What a beautiful picture...Yep, stay at home and order a pizza and rent a movie..I'll be drinking Ice Tea..My days of exhibition drinking are done..


----------



## Kacey (Dec 30, 2007)

I'm cooking something with scallops in it... I haven't quite decided what, but it will definitely be something different than usual.


----------



## 14 Kempo (Dec 30, 2007)

I normally stay in, not a night I want to be out on the road. I'll work by day, probably head out for some dinner by night. Wait, that's exactly what I do every weekday ... I need to get a life.


----------



## Lisa (Dec 30, 2007)

Walking down the street to a friend's place and having a bite to eat and ringing in the New Year.  So technically I am "going out" however, it ain't anything fancy.


----------



## kaizasosei (Dec 30, 2007)

looks like i'm a broke again.  good thing i have enough provisions to hold out.  for new years going out may not be an option.  probably stay home.  got invited to two places but quite sure im not going


----------



## Darksoul (Dec 31, 2007)

-I will be working. 3rd of 4 twelve hour night shifts, 6pm to 6am. The joy of working security, haha! As long as no inclement weather is coming into Denver tonight or tomorrow, its all good. I do a lot of driving at work. Just have to watch out for drunk people.

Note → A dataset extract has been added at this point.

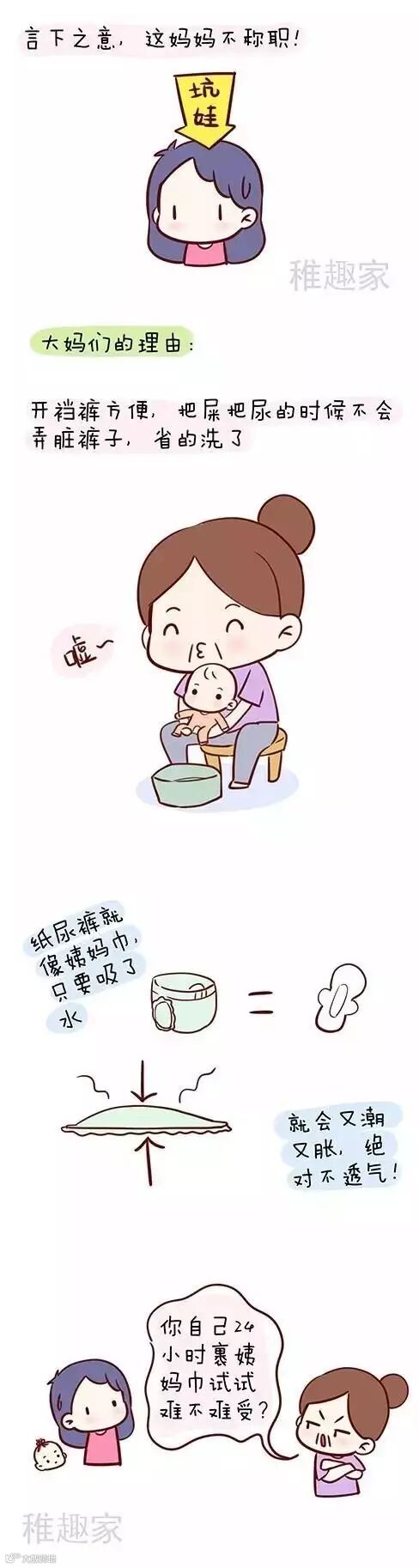 宝宝现在七个月,从小就没穿过开裆裤,现在温度将近30度,我也不会给她用尿布,因为尿湿后不及时更换反而会红屁股,而尿不湿不一样,尿不湿会充分吸收宝宝的尿液,使表面干爽!还有尿不湿和卫生巾真的一样嘛?卫生巾的外面有一层不透气的PE膜,尿不湿有吗?请拿出来对比一下!一周岁以内的孩子不建议把屎把尿,宝宝的脊椎还没长好,你是想让她以后腰折嘛?

-So everyone stay safe, have fun, bring on 2008!!!

Andrew


----------



## Drac (Dec 31, 2007)

Darksoul said:


> -I will be working. 3rd of 4 twelve hour night shifts, 6pm to 6am. The joy of working security, haha! As long as no inclement weather is coming into Denver tonight or tomorrow, its all good. I do a lot of driving at work. Just have to watch out for drunk peopl
> 
> Andrew


 
That's a good kind of shift...Hope its quiet for you..


----------



## Live True (Dec 31, 2007)

Happy New Year to all, whether you are working, partying, or staying home!


----------



## Brian R. VanCise (Dec 31, 2007)

Hey Drac we are staying home this year.  It will be a far cry for last year's partying in Chicago but truth be told I am looking forward to resting!


----------



## Drac (Dec 31, 2007)

Brian R. VanCise said:


> Hey Drac we are staying home this year. It will be a far cry for last year's partying in Chicago but truth be told I am looking forward to resting!


 
Dude as sick as I am all I wanna do is stay wrapped in a blanket..


----------



## Brian R. VanCise (Dec 31, 2007)

Drac said:


> Dude as sick as I am all I wanna do is stay wrapped in a blanket..


 
You know after we chatted earlier I came down with a headache. (to many kid's shows with the TV loud and the kid's simply to loud)  So I am trying to recuperate at the moment myself!


----------



## Drac (Dec 31, 2007)

Brian R. VanCise said:


> You know after we chatted earlier I came down with a headache. (to many kid's shows with the TV loud and the kid's simply to loud) So I am trying to recuperate at the moment myself!


 
There is something going around...Was chatting with Father Greek before and he is sick and so is one of his top students....Maybe someone at the dojo had it...


----------



## morph4me (Jan 1, 2008)

Drac said:


> Dude as sick as I am all I wanna do is stay wrapped in a blanket..


 


Brian R. VanCise said:


> You know after we chatted earlier I came down with a headache. (to many kid's shows with the TV loud and the kid's simply to loud) So I am trying to recuperate at the moment myself!


 


Drac said:


> There is something going around...Was chatting with Father Greek before and he is sick and so is one of his top students....Maybe someone at the dojo had it...


 
Hope all of you feel better, and that whatever you have is the worse that happens in 2008


----------